Boston Dynamics unveiled the next generation of its humanoid Atlas robot on Wednesday. The announcement came just a day after the company retired the hydraulic Atlas robot. The new Atlas is fully electric and comes with several upgrades over the predecessor, including a superhuman range of motion. In a video, the slender and more athletic robot was shown moving in ways that defy human anatomy. The robotics giant claims it will be able to lift and manoeuvre a wide variety of objects.

In a video posted on YouTube, Boston Dynamics introduced the electric Atlas robot designed for real-world applications.
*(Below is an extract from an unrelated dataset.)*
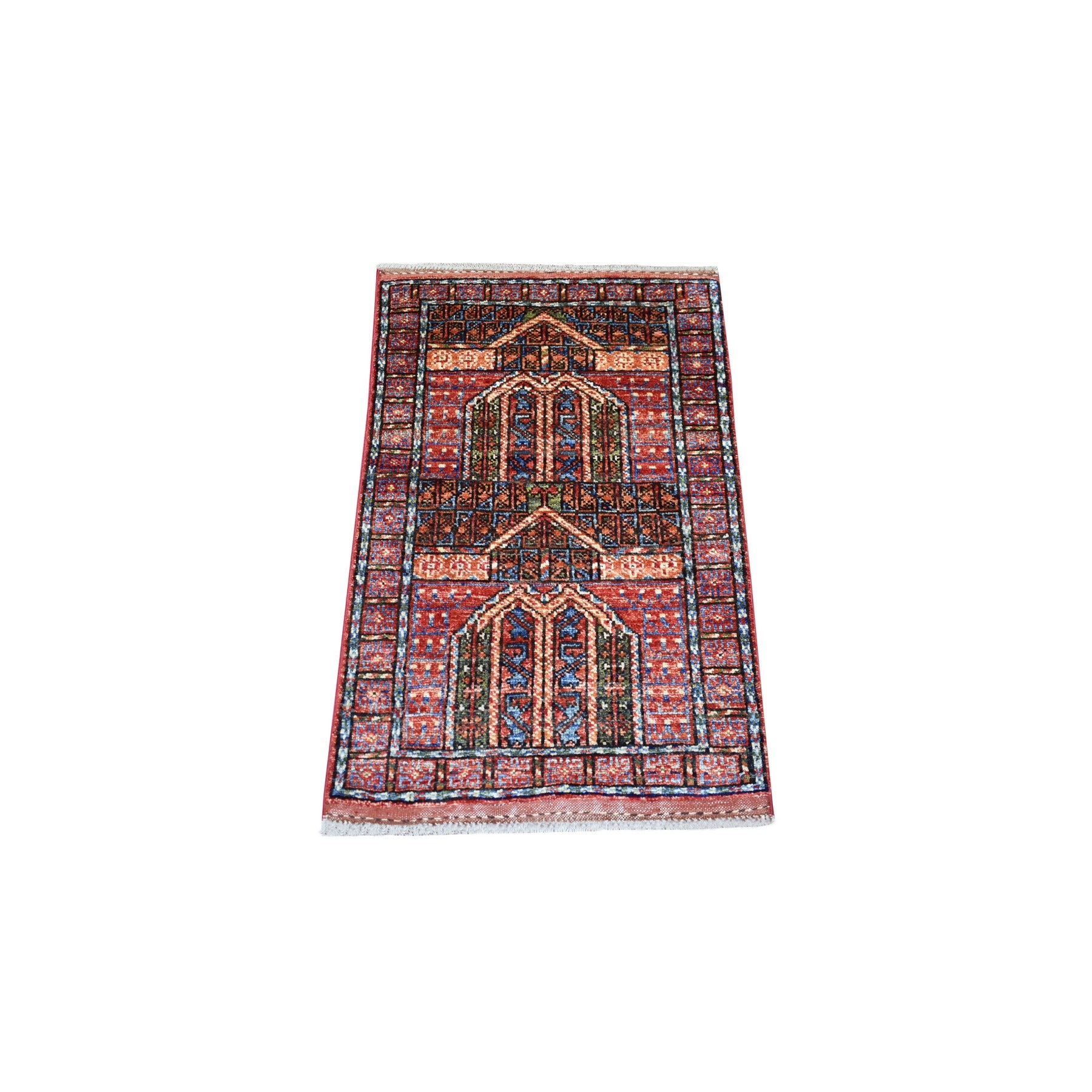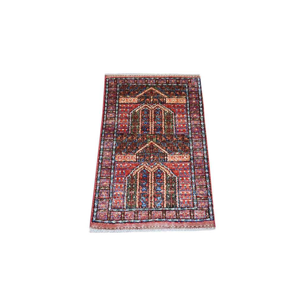 2'x3'1" Brick Red Turkeman Ersari With Prayer Design, Natural Dyes, Hand Knotted, Soft And Shiny Wool Oriental Rug FWR424902

Based on the demo, the new robot now has an entirely different design. It no longer possesses a heavy torso plate or carries a wider upper body. The new Atlas has a slender, metallic torso, longer and straighter limbs, no externally connected cables, and a ring light circling its head.

The demo begins with Atlas lying on the ground. As it boots up, the humanoid robot twists and folds its legs backwards over its body and then stands up as it twists its waist by 180 degrees as if a creature from a sci-fi horror movie. In the next few moments, it rotates its head a couple of times showcasing its head that appears to be a large camera lens and walks away taking straighter and concise strides.

In less than a minute, the video demonstrated that the new Atlas robot is not only more agile and flexible, it might also potentially move heavier objects given its larger limbs. Explaining its vision, Boston Dynamics said in a press release, “We designed the electric version of Atlas to be stronger, more dexterous, and more agile. Atlas may resemble a human form factor, but we are equipping the robot to move in the most efficient way possible to complete a task, rather than being constrained by a human range of motion.”

Currently, the electric Atlas is in testing and it will stay that way for the next few years. In this period, the company plans to explore multiple new gripper variations to enable the robot to perform a diverse set of tasks. The testing phase will include a limited number of customers, with Hyundai being the first in the line.